La crise qui secoue fortement l’économie du pays depuis l’incendie qui survenu dans le principal dépôt d’hydrocarbures de Kaloum le mois de décembre dernier, n’épargne pas le panier de la ménagère à Mamou.

Déjà, dans toute la Guinée, le constat reste le même : les activités économiques sont au ralenti. Les femmes du marché avaria de Mamou ont profité à notre micro ce vendredi 12 janvier 2024, pour interpeller les autorités de la transition, à sa tête le Colonel Mamadi Doumbouya, afin que des dispositions rapidement et nécessaires soient trouvées.

‘’Rien ne va actuellement. On souffre beaucoup et les autorités doivent se lever pour nous aider. Les femmes que vous voyez ici dans ce marché, la plupart ont leurs domiciles très loin et chaque matin il faut payer le transport. Personnellement, je quitte au quartier Telico chaque matin pour venir revendre dans ce marché. Mais le transport que je payais avant et aujourd’hui, c’est pas la même chose, ç’a doublé. Je payais 5000 GNF, maintenant c’est 10.000 GNF, parfois jusqu’à 15.000.
Quand tu demandes aux taximans, ils disent qu’ils achètent le carburant au marché noir à 30 000 ou 40 000, voire même à 50 000 GNF le litre. C’est pourquoi, nous demandons à travers vous les journalistes, pour que le président Mamadi doumbouya et son gouvernement, aident encore les femmes. Nous souffrons énormément depuis que cette crise est venue.
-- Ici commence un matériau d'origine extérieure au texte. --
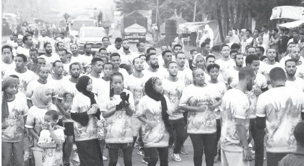
በውድድሩ ከ16ሺ በላይ ሕዝብ በአምስት ኪሎ ሜትር ተሳትፏል።

ብርቱ ፉክክር ባስተናገደውና በወንዶች መካከል በተካሄደው ውድድር የ3ኛውና የአምናው አሸናፊ አትሌት ጨምሮ ደበላ በግል ዳግም የዘንድሮው ውድድር ባለድል ሆኗል። እሱን ተከትሎ የአካባቢው ክለብ ዘቢዳር ያፈራው አትሌት ዘነበ አየለ ሁለተኛ በመሆን ውድድሩን
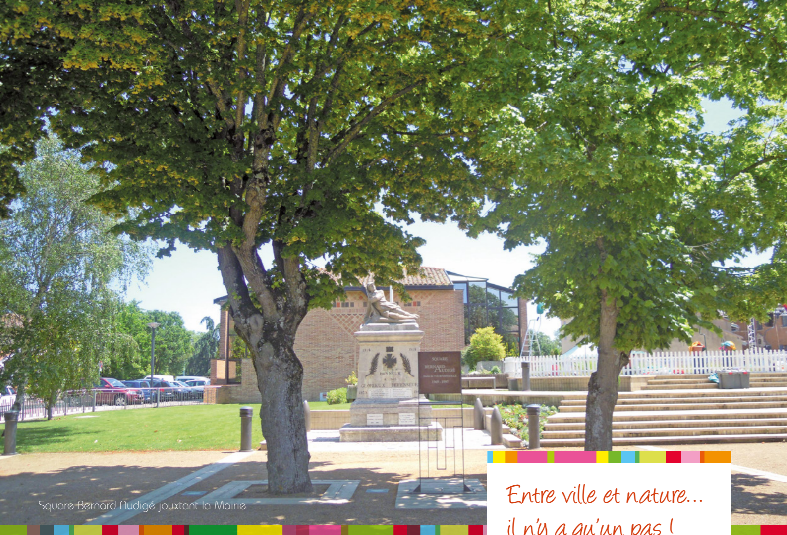
Square Bernard Audigé jouxtant la Mairie

Entre ville et nature... il n'y a qu'un pas !
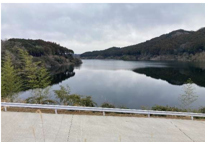
誰もいない静寂に包まれたダム湖。水面の下には村が沈む。
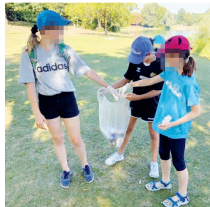
Fleißige Schüler:innen beim Plogging.

Ende Juli, am Projekttag des Gymnasiums, widmeten sich 30 Schülerinnen und Schüler einer neuen Trendsportart: Plogging. Plogging ist ein Schachtelwort, das sich aus dem schwedischen Wort plocka, das „aufheben“ bedeutet, sowie dem englischen Wort jogging zusammensetzt. Wer also ploggt, verbindet die Laufstrecke mit dem Umweltschutz, indem auf der Laufstrecke herumliegender Müll eingesammelt wird. Und genau dem sind die Schülerinnen und Schüler des Gymnasiums nachgekommen.
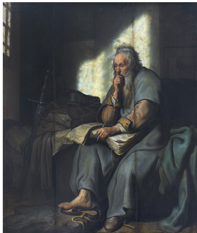
Rembrandt: Pál a börtönben (1627)

Könyvünk első két fejezetében ennek a páli életcélnek a kialakulását mutatja be a szerző. Először jelentős teológusok Pál-kutatásait tekinti át, amelyek meghatározták a mai Pál-képet. Már Albert Schweitzer feltette a két alapkérdést: Vajon Pál zsidó vagy inkább görög gondolkodó volt-e? Mi volt Pál teológiájának a középontja? Ezekből fakad egy harmadik kérdés: Mit jelent Pál a mai embernek? Rudolf Bultmann Pált (János mellett) az egyik fő oszlopként és hellenistaként mutatja be Az Újszövetség teológiájában . W. D. Davies szerint Pál olyan zsidó rabbi volt, aki Jézusban mint a zsidók Mesiásában hitt. A következő jelentős tudós Ernst Käsemann, aki szerint Pál kifejezetten zsidó kontextusban fogalmazta meg a judaizmus kritikáját. A szerzőhöz ez a nézet áll legközelebb. A legmeghatározóbb tudós pedig a szerző egykori oxfordi kollégája, E. P. Sanders, akinek kutatásai forradalmasították a Pálról szóló tudományos közbeszédet. Ő széles háttérrel vizsgálta Pál korának palesztinai zsidóságát, abba beágyazottan tárta fel Pál teológiáját és a törvényhez való viszonyát („szövetségi törvényvallás”). Az irányzatok bemutatása után négy területen vet fel mai kérdéseket a szerző: a történelem, a teológia, az exegézis és az alkalmazás területén. Itt is megfogalmazza a könyv célját: „elhatárolódnunk a Pált félreértő interpretációktól, hogy megértsük: Pál maga hogyan szeretné, ha őt értelmeznénk.
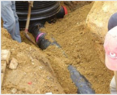
BENTOFILL zu Einkapselung von Rohrleitungssystemen

definierte Dichtmischungen aus natürlichen Rohstoffen
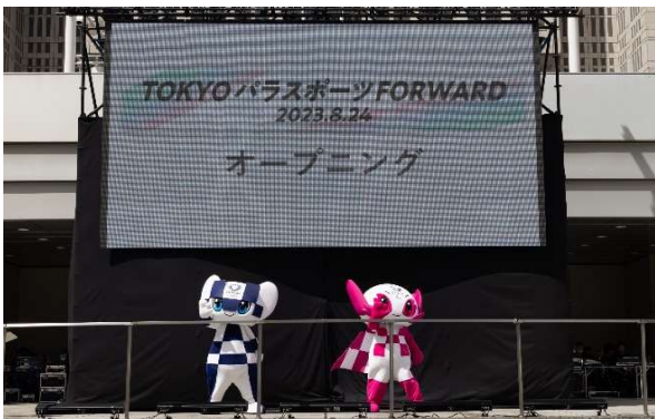
オープニング（都民広場）
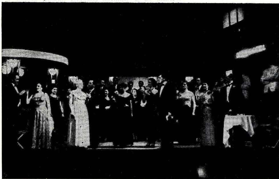
Prizor iz uprizoritve operete „Melodije srca“ na jeseniškem odru

Kvaliteten program, ki bo zahteval mnogo napora od celotnega gledališkega kolektiva, bo vsekakor zadovoljil tudi publiko, ki bo, upajmo vsaj, uspešneje in zadovoljiveje stopila skupno z gledališčem svoj prvi korak v drugo desetletje delovanja jeseniškega gledališča.
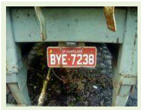
SEMI REBOQUE MARCA IDEROL MODELO IDEROL ANO 1995 ANO MODELO 1995 COMPRIMENTO 14 M ( PESQUISA DE MERCADO ) | Item: 281 |
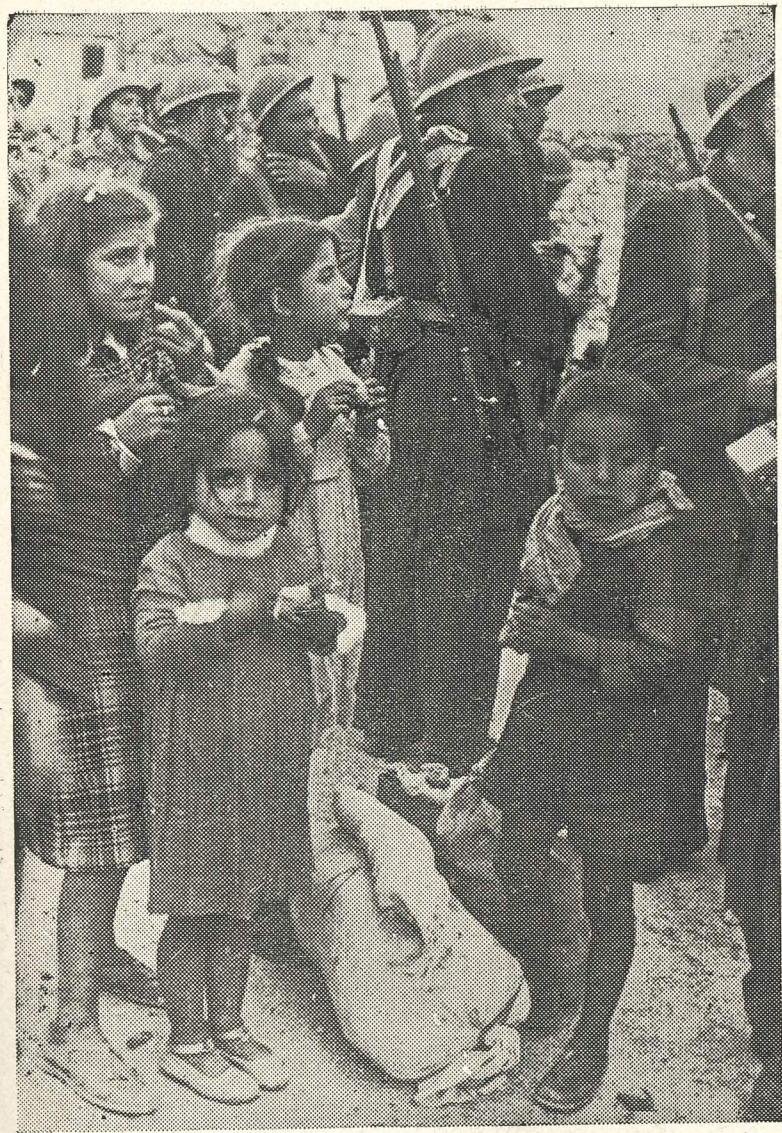
Orgullosos de la bochornosa «hazaña» vuelven los milicianos la espalda a estos niños que ávidamente roen un pedazo de pan.

Difficilement qu’on trouve de quoi nourrir nos enfants’’, se plaint Rabiatou Sow, une vendeuse de ce marché situé au centre-ville de Mamou.
Pour Joséphine Kpogomou, vendeuse du même marché, l’Etat doit prendre des mesures fortes pour stopper les spéculations pendant cette période de crise pour que la situation s’améliore un peu.
‘’En Guinée, certains ne souhaitent que ces moments pareils pour faire pleurer la population. Il y a des taximans qui continuent d’augmenter le prix du transport juste pour se faire de l’argent sur le dos des pauvres citoyens. Moi qui vous parle, j’en suis victime chaque jour.
Les motos-taxis qui transportent nos marchandises ont doublé le prix et pourtant à la station c’est vrai, c’est vraiment très difficile d’avoir le carburant, mais le prix n’a pas changé à ce que je sache. Pour moi, l’appel que je peux lancer au président, c’est d’aider la population.
À Mamou ici, vous-mêmes vous pouvez constater autour de vous, la souffrance est là. Dès 5heures, on commence à marcher pour au moins essayer de venir à avaria ici, voir si on peut trouver quelque chose à vendre pour se nourrir le soir. Ça aussi vers les 20h parfois 21h, ça dépendra du jour. Si tu gagnes quelque chose à vendre très tôt et que ça marche, tu peux te retourner à la maison pour aller préparer pour la famille. Au cas contraire, vous passez la journée et la nuit comme ça sans rien manger’’, a-t-elle déploré.
Il faut rappeler que depuis le début de cette crise, plusieurs activités restent paralysées à Mamou ; et à cela s’ajoute, la coupure du courant électrique qui vient de commencer il y a plusieurs jours maintenant et qui continuent d’impacter négativement le quotidien des citoyens de cette ville.
Depuis Mamou, Ibrahima Molota SOUMAH, pour Lerevelateur224.com.